Set stops when trading stocks


A stop is a predetermined number below our entry price whether we are long or short. Stops are their for our protection against losses when our program malfunctions.

Although not 100% accurate, there are some poor fills and slippage. The position has control over you, but you’re out there arguing and if you don’t have the stoppage in place, what do you do?

You’ve lost control, emotions are starting to set in, and you’ve walked down a path you didn’t want to be on. You walked into the zone wishing I wasn’t there. You start lying to yourself saying it will come back, it’s just temporary or better yet, I’ll buy more shares to make up for the loss, not realizing it might go down further. Of course, it just sucks up all the hard-earned money in a matter of days.
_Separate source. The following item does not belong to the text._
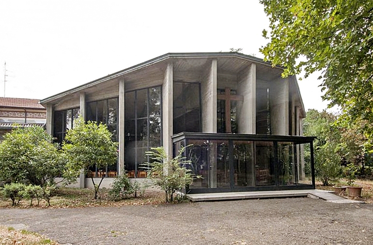 La chiesa sorge a nord della città all’interno di un parco secolare, la cui unica pree-sistenza è costituita da uno chalet in stile svizzero che viene destinato a canonica e opere parrocchiali. è la prima delle chiese post conciliari di Manfredini. è costituita dalla sala delle assemblee, dalla cappella feriale sul cui altare è un’immagine della Madonna del pittore Poggeschi tradotta in ferro smaltato, dalla penitenzeria e dal fonte battesimale. La sala delle assemblee ha come fondale verso l’altare, un muro pieno in calcestruzzo, mentre sul lato opposto ampie vetrate si aprono verso l’emergenza naturale del parco. è realizzata in calcestruzzo armato a vista e i muri perimetrali sono fortemente segnati dalle impronte volutamente irregolari della casseratura, con profonde rigature orizzontali in corrispondenza delle riprese di getto.

Now for the humble slice of pie. Stops should be placed with a money management plan, but first you need to determine how much you are willing to lose on any given trade. For example, let’s say I have $5,000 to trade today.

If I am Jumping Jack, a risky trader, and I use high leverage, trade multiple amounts of shares and multiple shares at the same time putting 40% of the total money which amounts to $2,000 at risk. Risky Rob chooses 20% of the total which amounts to $1000 at risk and Timid Tommy risks 10% of his total which amounts to $500 at any time.

Remember that this is a total of all positions combined if you are trading multiple stocks. If you are trading one, just figure out what price it is and what it translates to in terms of placing orders for your broker or what to plug into your trading platform which most of we are currently.

You need to examine yourself as to what risk tolerance category you fall into…that is, the level that will make you sleep at night and get on with your life, without stress or personality change.

People get in trouble when they trade too much and have too much leverage. Doing your homework to find out the current direction of the trend and determining your stop placement based on your tolerance for losing money should be part of your business plan. Remember that the trend is your friend until the end.